Suppose \(f: A \rightarrow B\) and \(g: B \rightarrow C .\) Hence, \((g \circ f): A \rightarrow C\) exists. Prove (a) If \(f\) and \(g\) are one-to-one, then \(g \circ f\) is one-to-one. (b) If \(f\) and \(g\) are onto mappings, then \(g \circ f\) is an onto mapping. (c) If \(g \circ f\) is one-to-one, then \(f\) is one-to-one. (d) If \(g \circ f\) is an onto mapping, then \(g\) is an onto mapping.

Short Answer

Expert verified
We proved the following statements: (a) If \(f\) and \(g\) are one-to-one, then \(g \circ f\) is one-to-one as well. (b) If \(f\) and \(g\) are onto mappings, then \(g \circ f\) is an onto mapping. (c) If \(g \circ f\) is one-to-one, then \(f\) is one-to-one. (d) If \(g \circ f\) is an onto mapping, then \(g\) is an onto mapping.

Step by step solution

01

a) Proving \((g \circ f)\) is one-to-one when both \(f\) and \(g\) are one-to-one

Given that \(f\) and \(g\) are one-to-one, we must show that \(g \circ f\) is also one-to-one.
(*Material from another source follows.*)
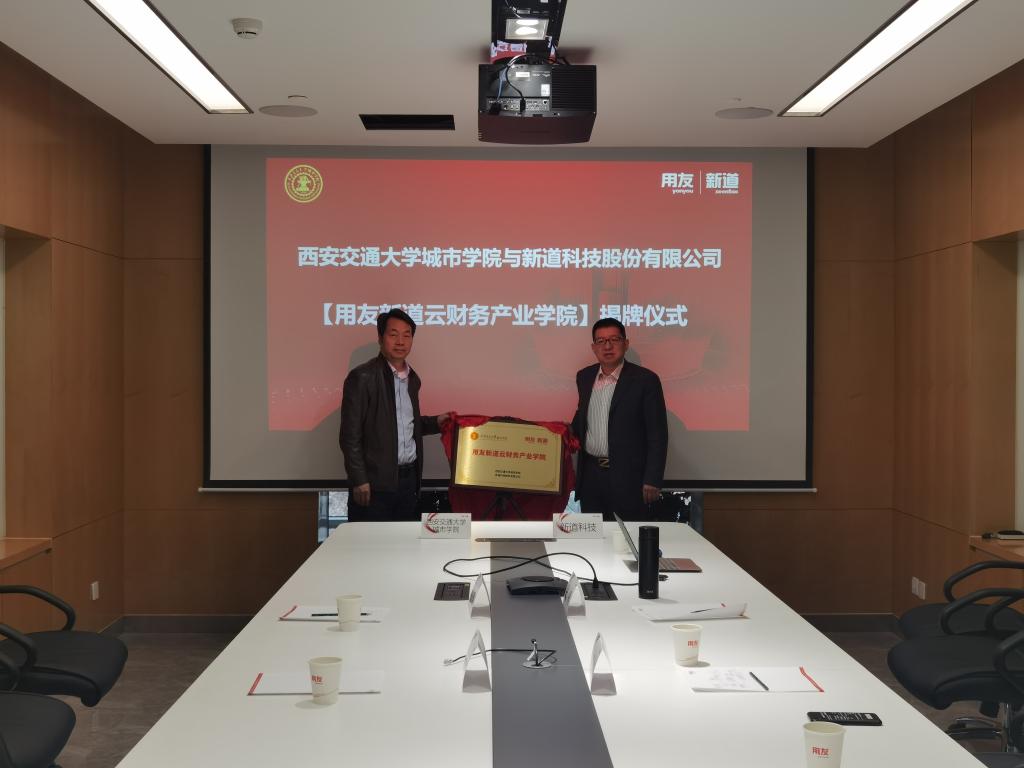 随后,双方代表共同签署了《用友新道云财务产业学院合作框架协议》,并举行了“用友新道云财务产业学院”揭牌仪式。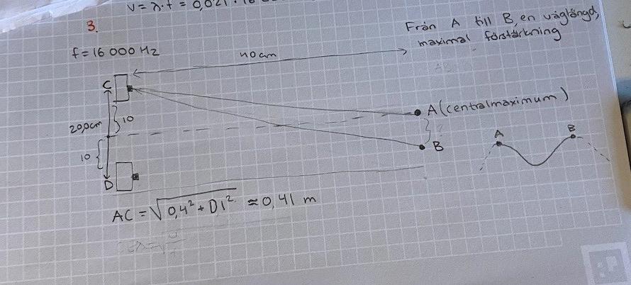 Så om ljudhastigheten är 340 m/s blir våglängden 2,1 cm och vägskillnaden ungefär 2½ våglängd - destruktiv interferens (om högtalarna är kopplade i fas).

To prove this, we'll start by assuming two arbitrary elements \(x, y\) in \(A\) such that \((g \circ f)(x) = (g \circ f)(y)\) and then prove that these elements are equal, i.e., \(x = y\). So, let's assume \((g \circ f)(x) = (g \circ f)(y)\), which can be written as \(g(f(x)) = g(f(y))\). Since we know that \(g\) is one-to-one, we can then conclude \(f(x) = f(y)\). Now, using the one-to-one property of \(f\), we can conclude \(x = y\). Therefore, \(g \circ f\) is one-to-one.
02

b) Proving \((g \circ f)\) is an onto mapping when both \(f\) and \(g\) are onto mappings

Given that \(f\) and \(g\) are onto mappings, we must show that \(g \circ f\) is an onto mapping, too. To prove this, we need to show that for every element \(c\) in \(C\), there exists an element \(a\) in \(A\) such that \((g \circ f)(a) = c\). Let \(c \in C\). Since \(g\) is an onto mapping, there must exist an element \(b\) in \(B\) such that \(g(b) = c\). Similarly, as \(f\) is an onto mapping, there must exist an element \(a\) in \(A\) such that \(f(a) = b\). Therefore, \((g \circ f)(a) = g(f(a)) = g(b) = c\). Thus, \(g \circ f\) is an onto mapping.
03

c) Proving \(f\) is one-to-one when \((g \circ f)\) is one-to-one

To prove that \(f\) is one-to-one when \(g \circ f\) is one-to-one, let's assume \(f(x) = f(y)\) for any \(x, y \in A\). We need to show that this implies \(x = y\). Applying \(g\) to both sides of the equation, we get \(g(f(x)) = g(f(y))\). This can be rewritten as \((g \circ f)(x) = (g \circ f)(y)\). Since we know that \((g \circ f)\) is one-to-one, this implies that \(x = y\). Thus, \(f\) is one-to-one.
04

d) Proving \(g\) is an onto mapping when \((g \circ f)\) is an onto mapping

To prove that \(g\) is an onto mapping when \(g \circ f\) is an onto mapping, let's consider any element \(c \in C\). Since \(g\circ f\) is onto, there must exist an element \(a\in A\) such that \((g\circ f)(a) = c\), i.e. \(g(f(a)) = c\). This value \(f(a)\) is an element in \(B\). Let's denote it as \(b\), i.e., \(b = f(a)\). Thus, we have \(g(b) = c\), implying \(g\) is an onto mapping as \(c \in C\) was chosen arbitrarily and a \(b \in B\) exists to match \(c\).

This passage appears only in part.